I never really believed in a quarter life crisis until I completed a quarter of my life. It always felt like a subtle jab to those much older than 25 who had experienced many more of the pangs of losing their youth, but as I crawled my way through the minefield of my 20's I learned that something similar has been lost in only a few years time. I've been increasingly feeling the loss of direction and stability. For the majority of our lives we are given a purpose and a place; school. Then comes graduation, either from high school or university, where you feel a gigantic shift in the structure of your life. You are no longer told where you need to be or what you need to do, but rather you now get to choose your path in life and it's utterly terrifying.

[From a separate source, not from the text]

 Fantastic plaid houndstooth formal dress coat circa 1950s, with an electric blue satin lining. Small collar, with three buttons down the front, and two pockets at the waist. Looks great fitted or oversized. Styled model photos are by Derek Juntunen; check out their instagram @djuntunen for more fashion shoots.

I've spent the past few months doing a bit of soul searching seeing as I've still not completely adjusted to life out of school. It was all much easier when I knew the goal I needed to attain (graduation) and the steps I needed to take in order to get to it. But now that I've done it, where am I left to go? Many people then begin to plan the rest of their lives in increments of 10. By 30 you should be married, possibly with a child, and in the process of owning a home. By 40 you should be saving up for your child's college find in order to perpetuate the cycle of dependence on the education system.

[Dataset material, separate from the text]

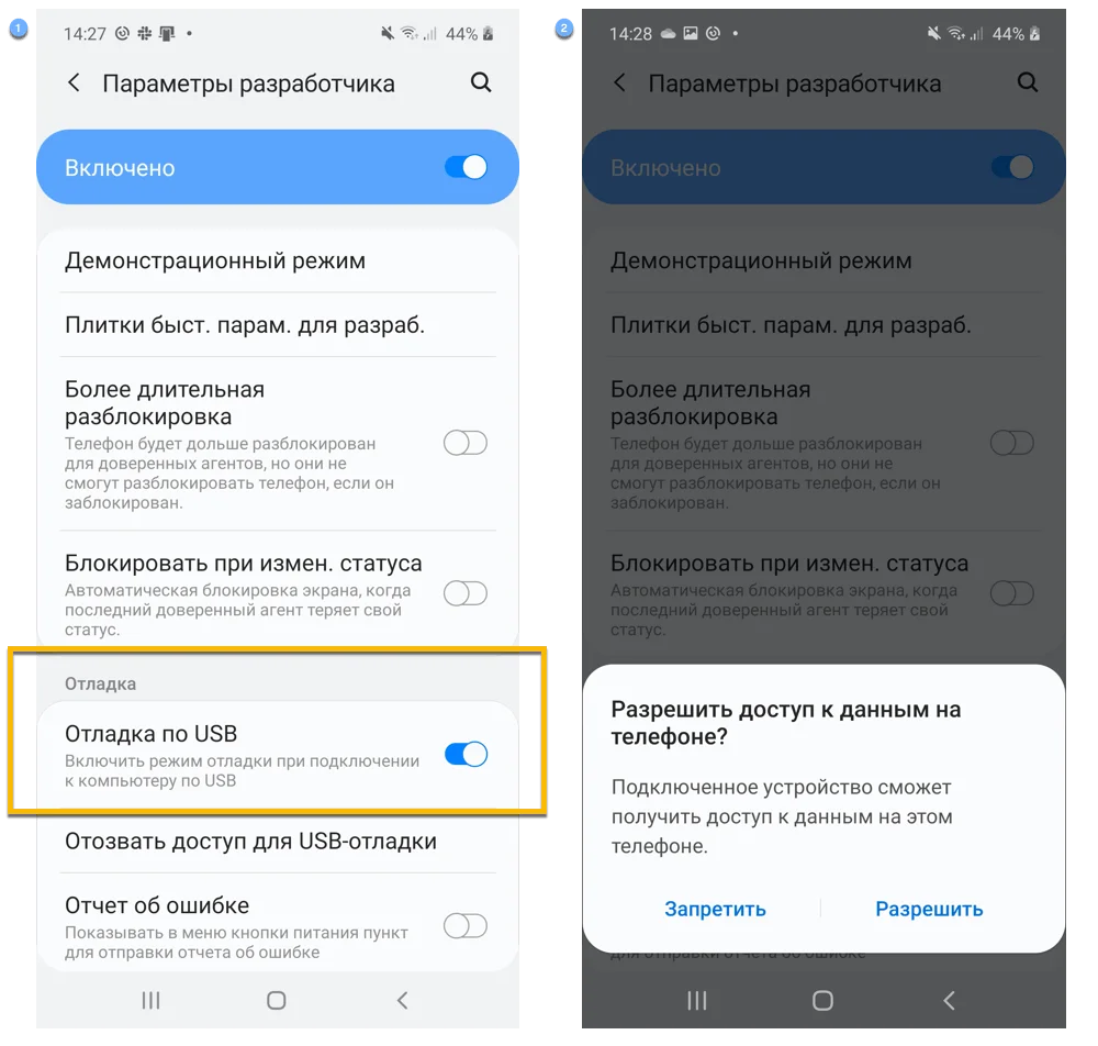 - На вашем мобильном устройстве включите Отладка по USB в меню Android Настройки > Параметры разработчика > Отладка.

It sounds tempting to fall into those patterns - to create definitive milestones that will shape your life and change it drastically as though to say 'there's no going back now', but I could never see myself falling victim to them. At least, not to the stereotype of 'adulthood'. I am going into my 26th year of life and I still don't know what I want to be when I grow up. Although, is that such a bad thing? Six years ago I would have thought it was terrible, confusing, and slightly embarrassing. While I do still find it confusing I'm starting to accept that anything that diverts from the status quo will be embarrassing until you decide not to care anymore.

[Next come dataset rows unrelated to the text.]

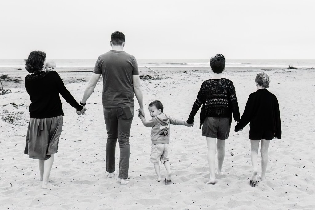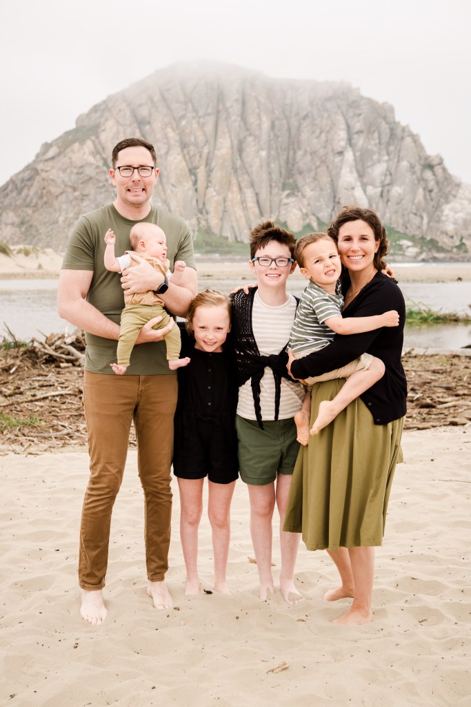 Pictured is my husband, our bio daughter and son, and my two bonus daughters. Missing are our two kitties, Aglio and Olio.
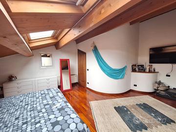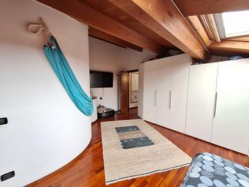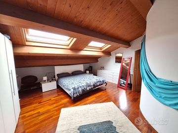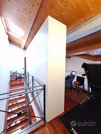 Piano mansardato: ampio soppalco che si affaccia sul soggiorno, attrezzato con armadio, grande camera da letto matrimoniale dotata di bagno completo e finestrato, comodo ripostiglio-centrale termica.
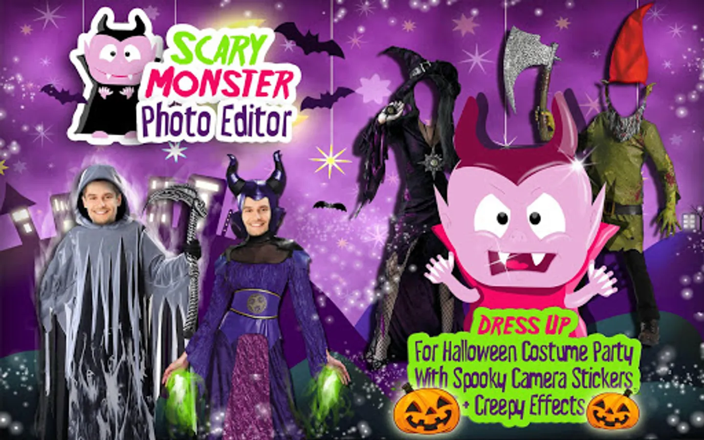 Halloween is near! We all need to download some type of creepy picture editor and use the scary selfie camera to celebrate that day. Choose “Halloween costumes” in this creepy photo editor that will make your edited pictures look cool and scary. There is a great choice of many costumes It's also a spooky photo editor for people who like Halloween masks. If you are a fan of Halloween costumes, you will love this beautiful Halloween photo montage with scary edit photo. The app is called Halloween Photo Editor - Scary Costumes and it is a “scary photo editor” for your beautiful selfies. Download this scary photo maker if you wish to have the Halloween photo editor . Just make funny selfies and create amazing photo montages. Use costume photo editor app for pictures and enjoy photoediting. “Halloween Photo Editor” - “Scary Costumes” is a Halloween pic editor that you will love.
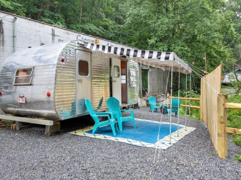 Beautifully restored and updated with modern amenities. Quality Memory foam mattress, turquoise appliances, solid oak floors, new bathroom & kitchen fixtures, with original light fixtures and cabinets. Also and of course a beautifully polished aluminum skin to stand out wherever you go. This camper will be the talk of the campground or the filing station.
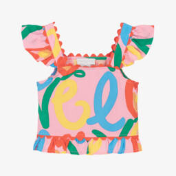 Ideal for dance or sports, a black crop top for girls by Stella McCartney Kids. Made from recycled materials, this stretchy top has a mesh panel at the back and the designer's lip print logo on the front.
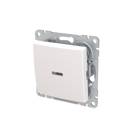 1-vipuinen painike jousikiinnitteisellä vivulla ja jousiliittimin. Liittimiin voi kytkeä max 2 johdinta ja ne on hyväksytty ML ja MK johtimille. Valkoinen RAL9003.
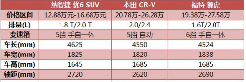 作为紧凑型SUV,纳智捷 优6长宽高分别为4625/1825/1600mm,轴距则达到2720mm。与竞品相比,2720mm的轴距比本田CR-v多100MM,保证车内舒适的驾乘空间。后备厢标准容积405升,放倒后排座椅后可扩展至1150升。后排乘坐是优 6 SUV的巨大优势,腿部、膝部空间阔绰,后排乘客足以翘起二郎腿。横向空间也很充裕,且后排中央地台没有鼓包,后排可以舒适乘坐三名成年人。而后排头部空间,并未受斜背的造型影响,依旧拥有970mm,身高180cm的乘客可以方便就坐,丝毫不会压抑。
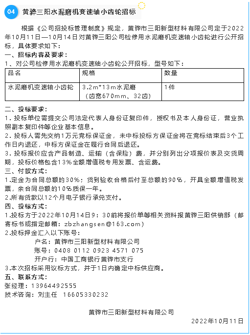 【招標(biāo)公告】重山集團(tuán)、魯蒙水泥、黃驊三陽、重山光電
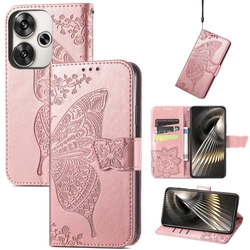 Para Xiaomi Redmi Turbo 3 5G Funda para Teléfono de Cuero con Relieve de Flor de Amor y Mariposa (Oro Rosa)
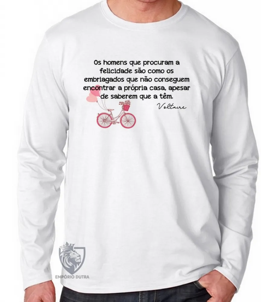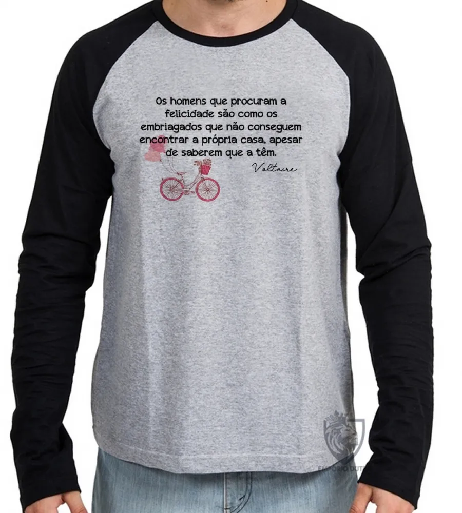 Camiseta manga longa Infantil ou Adulto Voltaire felicidade

I find it absurd and slightly sadistic to make students choose what they want to do with the rest of their lives at such a young age, but what it has taught me is that uncertainty is just as vital when it comes to your development. Without uncertainty we'd all be on the same path, following someone else's vision of what life should look like, and vulnerable to much more than just a few years pondering our passions.
On another note, I decided to do something mildly scary this past week, and that is getting a visible tattoo. It may seem insignificant to most people who have had them for years or indulged in full sleeves, but it's taken a lot of adjusting to for me. The fear of putting my convictions and personal choices out there so broadly for every one to see was what held me back for years, but I decided it wasn't enough to stunt the exploration of who I am. It may just have been a vain response to the significant change I've gone through the past few months, but it felt right.
Have you gone through a quarter life crisis? How have you handled it?